Engelbert Theuermann, head of the Human Rights Directorate of the Austrian Federal Ministry of European and International Affairs, opened the conference which benefited for the first time in ILGA’s history from the patronage of a head of state, as Heinz Fischer, Federal President of Austria, assumed this role. IBM Director of Austria Leo Steiner also greeted the participants and spoke of IBM Diversity programme to promote LGBTI rights within IBM and the corporate sector while Paula Ettelbrick (IGHLRC) praised our individual commitments, the connection between local and global, the interdependence of both. She spoke of the value of network and the power of joining forces, celebrating, in the 30th anniversary of ILGA, the very concept of “association” which lies at its core.

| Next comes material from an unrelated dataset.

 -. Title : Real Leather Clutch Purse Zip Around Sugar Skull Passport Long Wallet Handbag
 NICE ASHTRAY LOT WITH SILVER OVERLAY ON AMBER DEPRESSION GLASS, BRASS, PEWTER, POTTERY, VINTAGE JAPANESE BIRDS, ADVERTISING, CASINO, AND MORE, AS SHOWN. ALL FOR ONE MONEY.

Conference participants were invited to receptions both to the City Hall by Michael Häupl, the Mayor of Vienna, and to the Austrian Parliament by its President Barbara Prammer, who, in her welcoming speech, praised the work of ILGA on the occasion of the organisation’s 30th anniversary. The first “GO Visible” award, an initiative of the Austrian Green Party was awarded to Aswat, a lesbian and bisexual women’s group in Palestine. The second prize was granted to Labrys, an LGBT group from Kyrghistan, and the third prize was granted to MEEM, an LBT group from Lebanon.

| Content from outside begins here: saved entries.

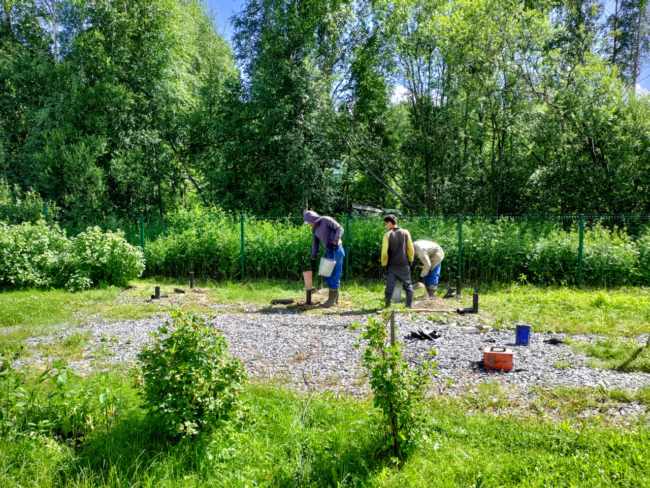 На открытой площадке у зелёного металлического забора трое рабочих монтируют свайный фундамент: в грунте уже стоят чёрные винтовые сваи с оголовками, вокруг видны пятна свежей выемки и щебёночная подсыпка. Один рабочий держит ведро и работает у сваи, другой выравнивает место установки, третий контролирует расположение опор. На земле лежат инструменты и материалы. Съёмка летом в солнечный день, вокруг высокая трава и густые деревья. Фото подходит для статей о свайных фундаментах, монтаже основания и организации работ на участке.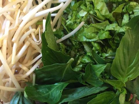 Các loại rau thơm lặt rửa sạch để ráo, rau xà lách lặt rữa sạch xắt ghém để ráo.Bắp chuối bài mỏng ngâm với chanh cho trắng,rau muống chẻ sợi.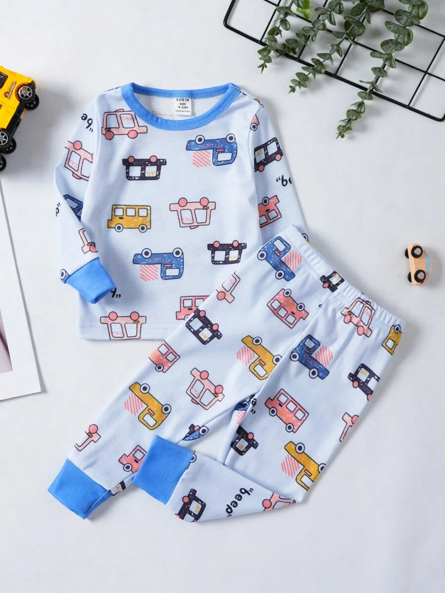 SHEIN Baby Boys' Cartoon Car Print Sleepwear Set

ILGA would like to thank the following partners and funders for their support to this 24th ILGA World Conference:
- Federal Government of Austria
- City of Vienna
- HIVOS (Netherlands)
- IGLHRC (the International Gay and Lesbian Human Rights Commission)

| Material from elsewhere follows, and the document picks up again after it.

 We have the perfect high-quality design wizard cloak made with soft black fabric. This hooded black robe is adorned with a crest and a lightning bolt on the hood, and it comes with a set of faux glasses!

- ILGA-Europe, the European region of ILGA
- SIDA (the Swedish International Aid Agency)
- Austrian Airlines (official carrier of the conference)
- Tels Quels (Belgium)
- NOVIB (Netherlands
ILGA would like to acknowledge the tremendous work and commitment of local group HOSI Wien for hosting an ILGA world conference for the third time in its history. “We are very pleased that in the end we managed to co-organise a full-fledged world conference despite the fact that we only took over this task last April”, explains HOSI Wien Secretary-general Kurt Krickler, “We are especially proud that we could secure such strong support including substantial funding on so short notice here in Austria”.
Participants to this conference chose Rio de Janeiro, Brazil as host city of ILGA’s 25th world conference to be held in 2010.